Monday, April 25, 2011

Lighthouse



I've already taken crap here for admitting that I like James Taylor music,* and this is probably going to lead to more of the same. But I've had a stanza of a song rattling around in my head intermittently for a few months now, and I need to try to get it out.


I'm a lonely lighthouse, not a ship out in the night 
I'm watching the sea 
She's come half-way round the world to see the light 
and to stay away from me 


I was in Naval Junior ROTC in high school, during the closing years of the Viet Nam war. We marched, polished our shoes and belt buckles, and learned to do all that "right shoulder arms" stuff with fake rifles. I was second in command, so I got a sword. And yes, it was exactly as cool as you think to carry a sword.

We also learned to navigate, which was my favorite thing. I was the best in class at navigation, probably because my father was both an architect and a lover of maps, so most of the tools were very familiar to me. Before there was GPS, navigation involved occasionally figuring out where you were, comparing that with where you thought you were, and then determining what direction you needed to go to get back on course. You would repeat this process until you tied up at the dock.
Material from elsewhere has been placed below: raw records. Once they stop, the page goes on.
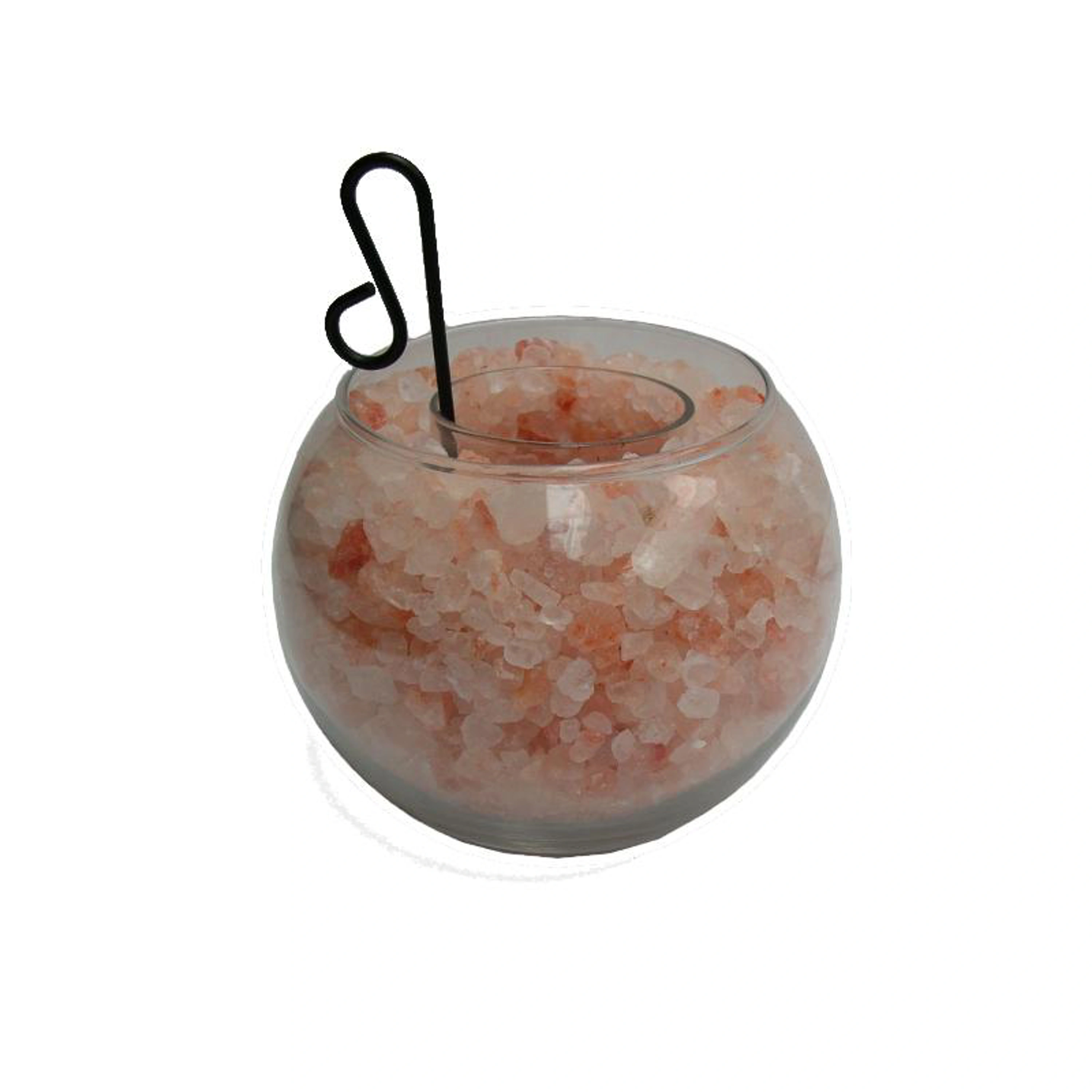 Solný svícen vytváří nejen příjemnou atmosféru, ale i blahodárně působí na lidský organismus. Zvyšuje přirozenou ionizaci a má antiseptické a desinfekční účinky. Svícen je možné použít jako vkusný doplněk domácnosti i kanceláře. Skleněná dóza obsahuje drcenou sůl a otvor pro čajovou svíčku. Kovovým držákem lze svíčku snadno ze svícnu vyjmout.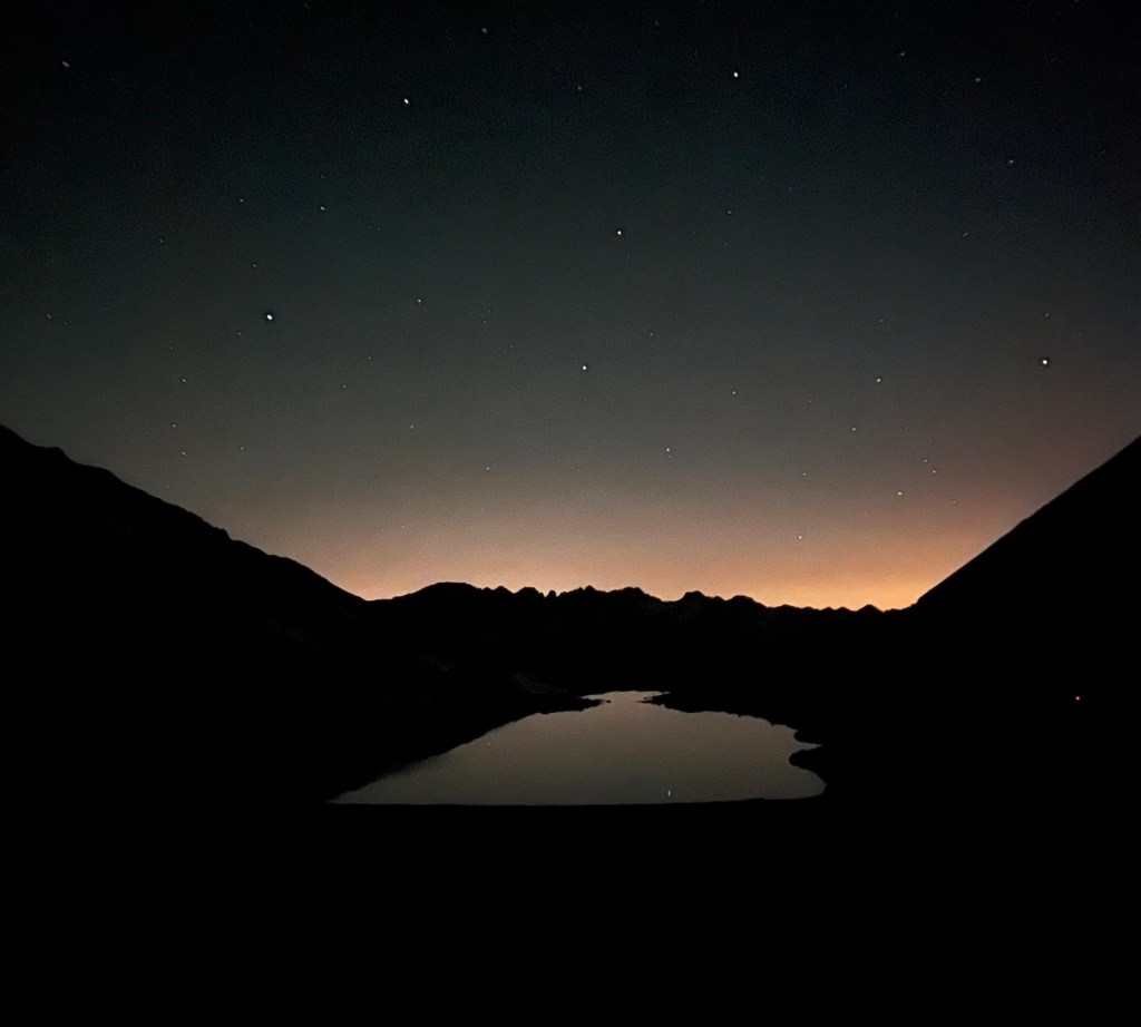 The first few miles are pretty easy. From my memory, we’re just going alongside the creek, and soon we’ll hit Timberline Lake and the trees will thin out into alpine fell-field. At the lake, we get our first glimpse of how the ambient light is reflecting off the mountains. We turn our headlamps off and see the gentle reflection of the rocky ridge in the water. The stars are pinpricks of glory in the sky above, and we can see the Milky Way. Alright. Fine. I hate night hiking, but this is beautiful. This is its own hushed magisterial wonder. I can get down with this.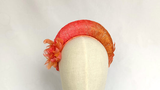 Tocado rosa y naranja para boda, diadema grande con flor naranja para invitada, tocado llamativo con flor para fiesta.

The "figuring out where you were" part often involved sighting two or three landmarks and triangulating your position from the angle to them. Lighthouses were built specifically to be these kinds of landmarks for navigation. Mistaking  the distance to these landmarks often caused ships to run aground. So in the end, maritime navigation really is (or was) a process of finding something and staying away from it.

There's a metaphor here somewhere. We all need fixed points in our lives to help us find our way.  Without them, we are just sailing around with no direction or purpose. Religion, politics, adventure, love, sex, and career can all serve this purpose to some degree, and at different times. But if we become too attached to one or another and fix our gaze on it, we risk crashing at the feet of the very thing that was supposed to save us.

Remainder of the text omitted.